# Focal Utopia No 7 (looks fake as hell)



## Notloudenuf (Sep 14, 2008)

Focal Utopia No. 7 Kit, brand new in box, Utopia 3 way kit, MSRP over $1000 | eBay

Cardboard box?


----------



## robert_wrath (Apr 24, 2011)

I think so too. Where's the Cross Block?


----------



## dman (Dec 21, 2008)

They can come with or without crossblock, but from being a dealer, i have never seen them in cardboard, LOL... i tend to look at feedback etc. to get a feeling of someones history, what they deal or sell in... He likes to buy stickers and cards, and all his transactions are with like 3 people.... Dont know, he may have no experience in audio, and bought these and possibly was conned himself, who knows, anyway there are at least 10 bidders now, meaning 10 people who are possibly just as foolish!


----------



## soundquality (Sep 11, 2008)

Thanks for the heads up. I was going to be one of those fools who was going to bid on it. By looking at his feedback, it is a clear case of fraud.


----------



## senior800 (Nov 10, 2010)

There are some utopias on German eBay in the cardboard box, from a seller with great feedback (many high end car audio items)

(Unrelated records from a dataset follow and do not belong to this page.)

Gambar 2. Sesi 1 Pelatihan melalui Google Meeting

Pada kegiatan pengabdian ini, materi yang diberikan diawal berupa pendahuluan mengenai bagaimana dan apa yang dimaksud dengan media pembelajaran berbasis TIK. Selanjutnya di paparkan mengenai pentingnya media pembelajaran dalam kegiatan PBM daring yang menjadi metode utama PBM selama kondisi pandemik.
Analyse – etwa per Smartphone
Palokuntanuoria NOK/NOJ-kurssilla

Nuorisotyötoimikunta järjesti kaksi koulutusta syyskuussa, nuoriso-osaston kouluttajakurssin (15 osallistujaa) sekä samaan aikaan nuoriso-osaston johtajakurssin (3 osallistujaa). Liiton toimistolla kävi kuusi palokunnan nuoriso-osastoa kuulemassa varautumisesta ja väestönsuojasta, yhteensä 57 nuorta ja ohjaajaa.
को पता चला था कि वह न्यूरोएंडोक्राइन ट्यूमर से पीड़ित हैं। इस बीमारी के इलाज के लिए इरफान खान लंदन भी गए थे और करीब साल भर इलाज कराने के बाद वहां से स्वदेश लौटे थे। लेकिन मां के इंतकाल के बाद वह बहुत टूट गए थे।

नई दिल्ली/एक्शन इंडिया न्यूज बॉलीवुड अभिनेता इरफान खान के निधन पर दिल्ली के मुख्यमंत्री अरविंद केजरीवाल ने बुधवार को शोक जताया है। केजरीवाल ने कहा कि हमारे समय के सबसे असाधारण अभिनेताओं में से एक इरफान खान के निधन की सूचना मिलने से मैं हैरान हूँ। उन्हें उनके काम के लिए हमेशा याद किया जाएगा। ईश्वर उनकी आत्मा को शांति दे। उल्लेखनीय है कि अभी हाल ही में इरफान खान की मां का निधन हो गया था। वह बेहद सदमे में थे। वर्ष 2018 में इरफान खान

Focal Utopia Kit Be No. 6 Active Beryllium High-End Lautsprecher - NEU ! | eBay


----------



## 83corolla (Nov 5, 2009)

I've seen them in the cardboard box like this too. PayPal offers a great buyer protection program, but I would not risk it.


----------



## Victor_inox (Apr 27, 2012)

there a lot of people bidding on it already, he`ll get his 1000 for this one.
I have no opinion fake or not though... cardboard box means nothing...


----------



## ATOMICTECH62 (Jan 24, 2009)

If they are the real thing you would think he would have posted more pictures.Considering you get to post up to 12 pictures for free with any listing.
I know I would,as always.


----------



## 83corolla (Nov 5, 2009)

ATOMICTECH62 said:


> If they are the real thing you would think he would have posted more pictures.Considering you get to post up to 12 pictures for free with any listing.
> I know I would,as always.


Exactly. Stuff like that I'm pretty much doing a photo shoot.


----------